* RECORD EXCERPTS
○ ○ ○ ○ ○ ○ ○

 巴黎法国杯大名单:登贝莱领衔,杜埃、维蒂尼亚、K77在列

○ ○ ○ ○ ○ ○ ○

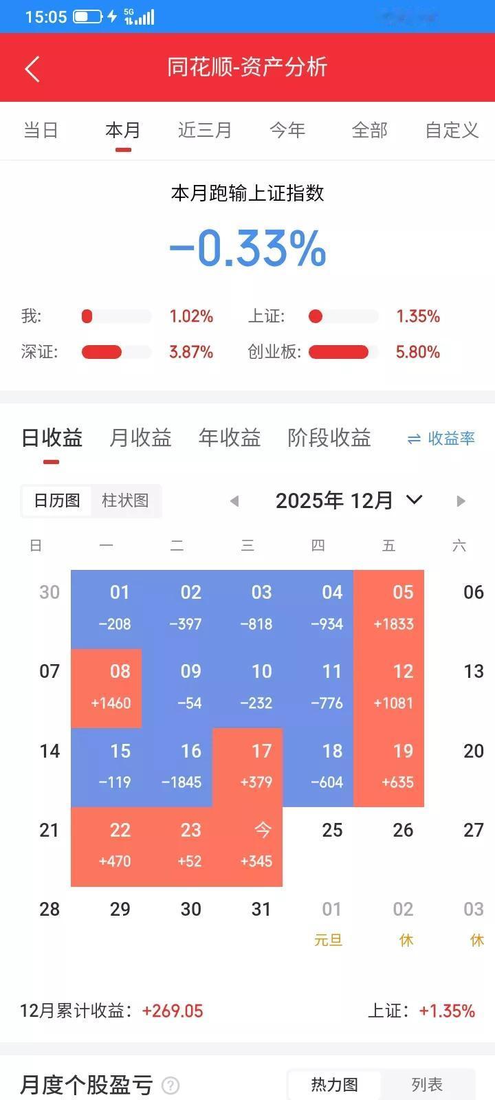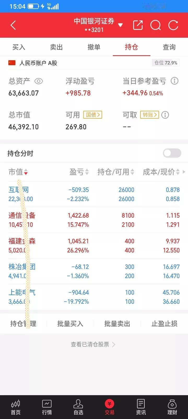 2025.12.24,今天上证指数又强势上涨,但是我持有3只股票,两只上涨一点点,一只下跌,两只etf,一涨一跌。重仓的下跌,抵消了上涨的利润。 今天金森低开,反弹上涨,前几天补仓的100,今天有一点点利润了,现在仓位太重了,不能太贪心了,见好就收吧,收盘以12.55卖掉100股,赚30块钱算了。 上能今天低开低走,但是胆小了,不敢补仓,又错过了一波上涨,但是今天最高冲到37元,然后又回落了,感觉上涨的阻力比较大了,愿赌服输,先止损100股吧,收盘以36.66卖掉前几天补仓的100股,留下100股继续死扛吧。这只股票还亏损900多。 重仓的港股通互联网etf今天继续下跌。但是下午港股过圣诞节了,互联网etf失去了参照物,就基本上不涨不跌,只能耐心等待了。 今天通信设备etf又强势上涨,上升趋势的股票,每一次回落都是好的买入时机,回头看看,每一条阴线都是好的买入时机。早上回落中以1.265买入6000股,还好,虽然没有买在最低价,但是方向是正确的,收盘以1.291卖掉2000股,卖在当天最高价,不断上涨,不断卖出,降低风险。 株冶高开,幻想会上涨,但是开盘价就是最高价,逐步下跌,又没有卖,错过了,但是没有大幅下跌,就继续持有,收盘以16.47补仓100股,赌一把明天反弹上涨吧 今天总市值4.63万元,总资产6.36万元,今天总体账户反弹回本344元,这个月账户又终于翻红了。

○ ○ ○ ○ ○ ○ ○

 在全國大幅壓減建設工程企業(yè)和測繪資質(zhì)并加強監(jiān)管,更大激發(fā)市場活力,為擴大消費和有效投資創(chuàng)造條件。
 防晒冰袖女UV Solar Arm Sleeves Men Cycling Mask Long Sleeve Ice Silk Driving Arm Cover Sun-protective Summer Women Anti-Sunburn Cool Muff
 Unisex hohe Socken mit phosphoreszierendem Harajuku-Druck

○ ○ ○ ○ ○ ○ ○

* WHAT IS BEING ASKED
The range runs from the line above containing "防晒冰袖女UV Solar Arm" to the line containing "Unisex hohe Socken", inclusive. Restate those lines word for word and no others.

* WORKED SOLUTION
 防晒冰袖女UV Solar Arm Sleeves Men Cycling Mask Long Sleeve Ice Silk Driving Arm Cover Sun-protective Summer Women Anti-Sunburn Cool Muff
 Unisex hohe Socken mit phosphoreszierendem Harajuku-Druck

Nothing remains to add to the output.